It is recommended to soak Kamut over night which will drastically decrease cooking time (which instructions can be found here.) Like many other grains, Kamut can be cooked up and then stored in the freezer in a safe container. Occasionally I will use Kamut in place of wheat berries in salads and stews.
Recipes for Kamut:
- Golden Kamut Shortbread from Sea Salt with Food (Flour)
- Kamut Cookies from Deliciously Organic
- Kamut, Kale, and Cabbage Soup from Luna Cafe
- Kamut Salad from Food O’ Del Mundo
- Oven Baked Zucchini filled with Kamut, Olives, and Herbs from Lucullian Delights
Before I really started eating from the bulk bins, my only association with rye was the bread my grandmother would make. Rye flour comes from rye berries. Rye is closely related to both barley and wheat but has a unique taste that I find to be a tad stronger than wheat. Rye comes in berries, cracked form, flakes (akin to oatmeal), and flour.

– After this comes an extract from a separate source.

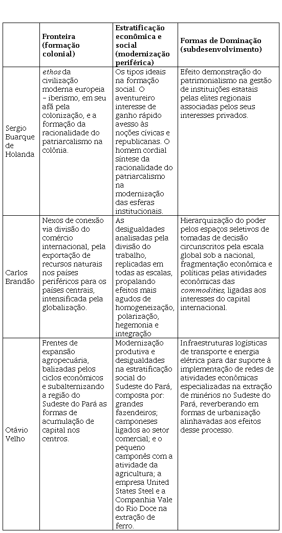 As categorias analisadas nesses autores foram: fronteira, compreendida como oriunda da formação econômico e social do Brasil; estratificação econômica e social como oriundas da modernização periférica e posicionadas na divisão internacional do trabalho como exportador de commodities; e as formas de dominação, compreendida como a síntese do subdesenvolvimento em países periféricos relacionadas à concertação das tomadas de decisões centralizadas em agentes que representam as frações do capital. Nos autores foram exploradas às ideias forças que convergem para as categorias analíticas anunciadas.
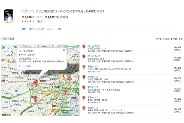 情報の閲覧は、商品を検索後に表示される「付近の店舗」をクリックして実行。ここでの「付近の店舗」とは、検索結果の上部にある「お住まいの地域」で設定した場所に基づく処理となる。この「ローカルショッピング」機能は、今後もパートナーを増やして、検索可能な実店舗を増加する予定。近々、ローソンの店舗なども検索可能となる。

Rye makes a good substitute for wheat berries and rice in salads and even some heartier dishes. I find that I mostly use the flakes and the flour but the berries have great potential uses! With most other grains, I soak the rye berries overnight and then cook according to the directions. If I have extra, I often freeze and save for later. Rye Flakes cook up like oatmeal but take a bit more time.
My recipes with rye (mainly flour):
If I had to name the one thing I buy most in bulk, it would be wheat berries. At first I only would use wheat berries in salads and pilafs in place of rice but once I started grinding my own flour, wheat berries became my best friend. Wheat berries are the whole wheat kernel that has been hulled. Wheat berries are great because they are minimally processed and still have many of their nutrients left in intact (whereas, white bleached flour would be the complete opposite.)
There are two overall types of wheat berries: hard and soft. The soft tend to be a little more friendly when cooked whereas the hard never loose their chewy texture. Both the hard and soft wheat berries have red and white varieties (but really there is no major difference. Cooking instructions for wheat berries can be found here.
For milling flour, the hard wheat berries are great for your regular wheat flour while the soft wheat berries are perfect for a whole wheat pastry flour. I’ve learned to experiment with different wheat berries to find which ones I like best for my flour!
My Recipes for Wheat Berries:
Recipes from around the web:
- Wheat Berry Breakfast Bowl from 101 Cookbooks
- Winter Wheat Berry Salad from Adrienne Eats
- Stuffed Vegetables with Wheat Berries, Pesto,and Chickpeas from Cookie and Kate
- Roasted Root Vegetable and Wheat Berry Salad from David Lebovitz
- Winter Wheat Berry Salad with Figs and Red Onion from The Kitchn
*Also, here is my post about my grain mill. Since receiving this mill, I haven’t bought flour and it’s been great!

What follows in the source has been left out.